How to visualize a 4-dimensional parametric surface?

A simple minded possibility is to use a perspective projection (similar to what I did here). Applied to the 4D Klein bottle, we have

With[{p = 1/3, r = 1/2, ε = -1/3, (* Klein bottle parameters *)
      f = 3, d = 1, (* projection parameters *)
      k = 3 (* perspective over k-th coordinate *)},
     ParametricPlot3D[Function[pt, f Delete[pt, k]/(d - Extract[pt, k])] @
                      {r (Cos[u/2] Cos[v] - Sin[u/2] Sin[2 v]),
                       r (Sin[u/2] Cos[v] + Cos[u/2] Sin[2 v]),
                       p Cos[u] (1 + ε Sin[v]), p Sin[u] (1 + ε Sin[v])},
                      {u, 0, 2 π}, {v, 0, 2 π},
                      Mesh -> False, PlotPoints -> 55]]

projection of 4D Klein bottle

In addition to perspective projection, one might want to also apply a preliminary rotation (via e.g.
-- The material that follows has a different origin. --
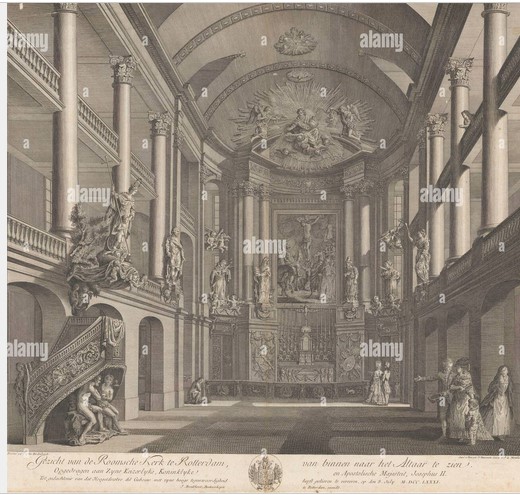 Interieur van de Rosaliakerk in Rotterdam."Print maker: Nicolas Ransonnette, after drawing by: Cornelis van Hardenbergh, publisher: Jacobus Bronkhorst, print maker: Paris, publisher: Rotterdam, in or after 1781."

RotationTransform[]) to the parametric equations before projecting over one of the axes, adding another element of flexibility.


There are an infinite number of projections of multidimensional figures on 3D. I will show one variant that is suitable for this case

F[u_, v_] := {x[u, v], y[u, v], z[u, v], t[u, v]}
x[u_, v_, r_] := r (Cos[u/2] Cos[v] - Sin[u/2] Sin[2 v])
y[u_, v_, r_] := r (Sin[u/2] Cos[v] + Cos[u/2] Sin[2 v])
z[u_, v_, p_, \[Epsilon]_] := p Cos[u] (1 + \[Epsilon] Sin[v])
t[u_, v_, p_, \[Epsilon]_] := p Sin[u] (1 + \[Epsilon] Sin[v])

KleinBottle4D[p_, r_, \[Epsilon]_, \[Alpha]_] := 
 ParametricPlot3D[{x[u, v, r], y[u, v, r], 
   Cos[\[Alpha]]*z[u, v, p, \[Epsilon]] + 
    Sin[\[Alpha]]*t[u, v, p, \[Epsilon]]}, {u, 0, 2*Pi}, {v, 0, 2*Pi},
   ColorFunction -> Hue, PlotRange -> All, Mesh -> None]
KleinBottle4D[1/3, 1/2, -1/3, Pi/4]

fig1